Five studies included a comparison with a reference standard.18,27,35,40,50 In all 5, both tests were performed at the same time in all patients. After the cervix was scraped in the usual fashion, the sampling device was wiped across a slide for the conventional Pap and then rinsed in a vial containing the appropriate solution for the FBC method.

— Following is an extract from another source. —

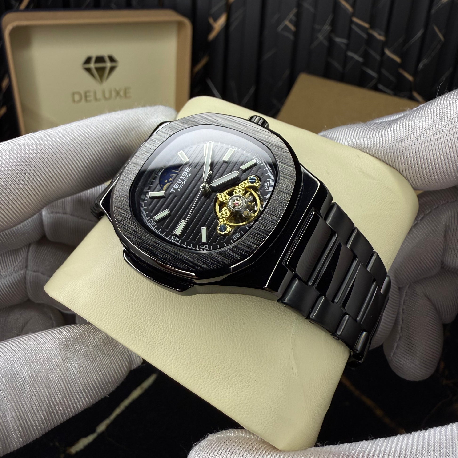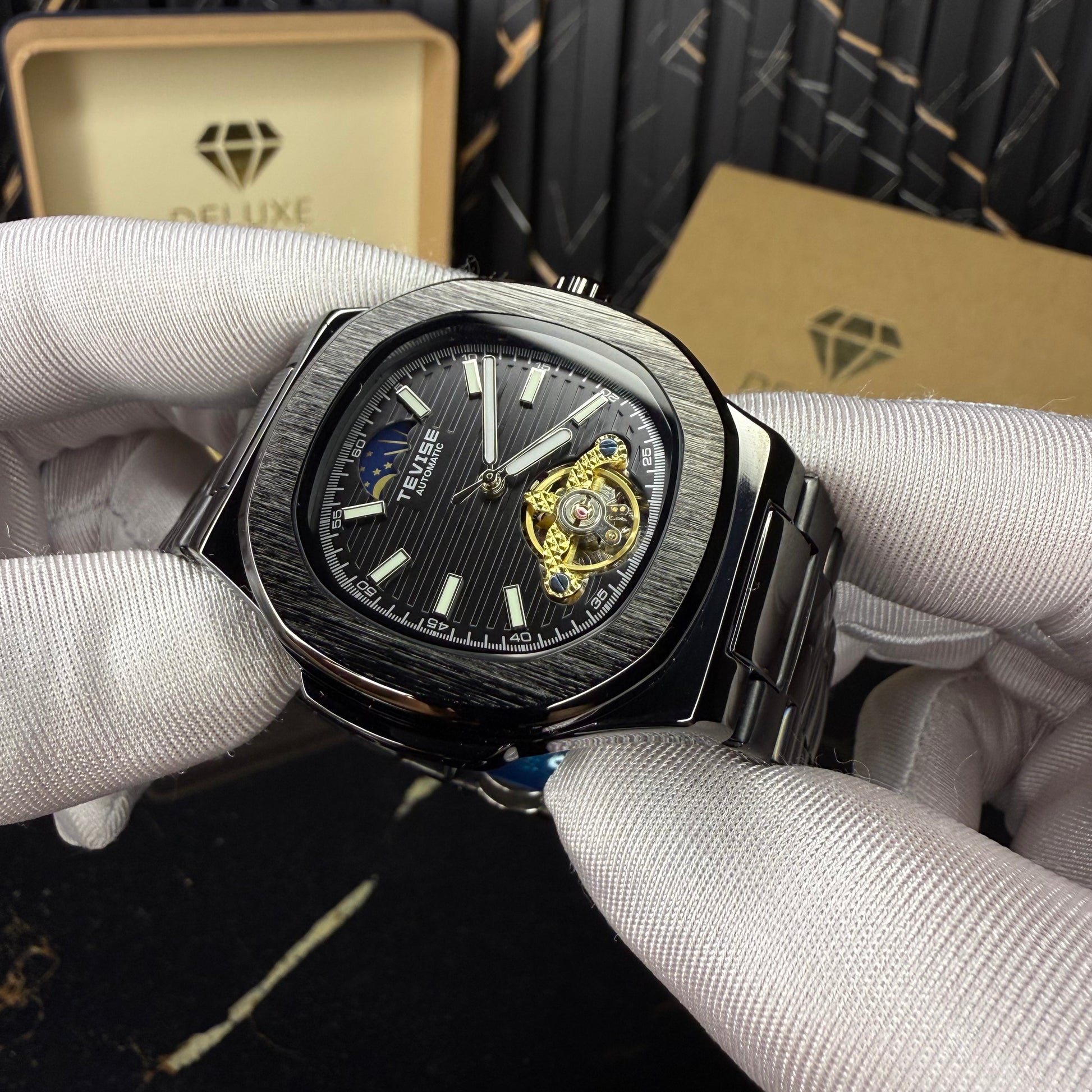 This automatic timepiece blends bold design with refined mechanical beauty.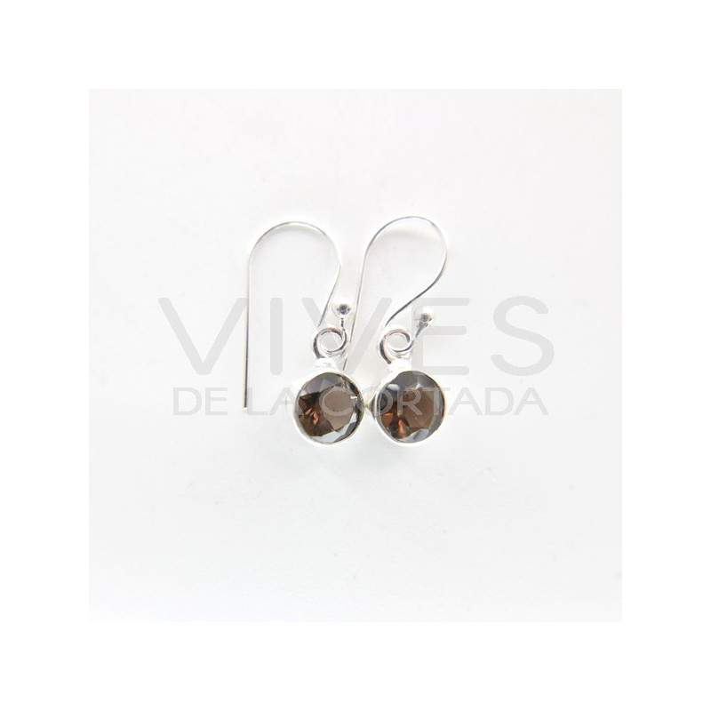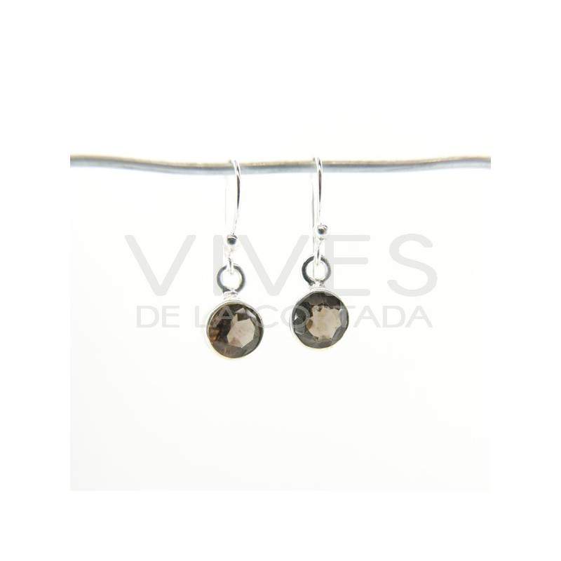 Pendientes de Cuarzo Ahumado Círculo Facetado - Plata de Ley 925

Three studies systematically compared FBC and Pap results with colposcopy and biopsy. One12,35 involved women referred to a colposcopy clinic because of a previous abnormal test result; Pap and FBC Pap test results were obtained, and colposcopic examinations were done on all women referred. A second16,23,55 studied 782 patients referred for colposcopy after an abnormal Pap test result; colposcopy was performed, and biopsies were taken from 445 of these patients. In the third study40 A total of 8636 randomly selected Costa Rican women were each screened with Pap, FBC, and cervicography. All women with a suspicious physical examination for cancer or with any abnormality on any of the 3 tests were referred for colposcopy, along with a random sample of 150 women with no abnormalities.
The remaining 2 studies27,50 used consensus between independent reviewers of the Pap and FBC test results as the reference standard, with biopsy for at least 50% of the women with significant abnormalities on either or both tests. In the first study50 a total of 2778 split samples were obtained and evaluated in both Germany and the United States. In Germany, masked slides were reviewed by cytotechnologists, and pathologists reviewed all abnormal and discrepant slides. Masked review was repeated in the United States, and senior cytotechnologists and cytopathologists rescreened abnormal slides. The cases were then unmasked, and discrepant cases were reviewed. A subset of histologic data (1235 samples) was analyzed, and a final reference diagnosis was made. In the second study27 2009 sample pairs from a multicenter trial were evaluated blindly by 2 cytotechnologists, with all abnormal and 10% of normal slides reviewed by 1 of 6 pathologists. All sample pairs containing an abnormal result were then sent for a second masked opinion by cytotechnologists and pathologists. Consensus data were summarized and reported.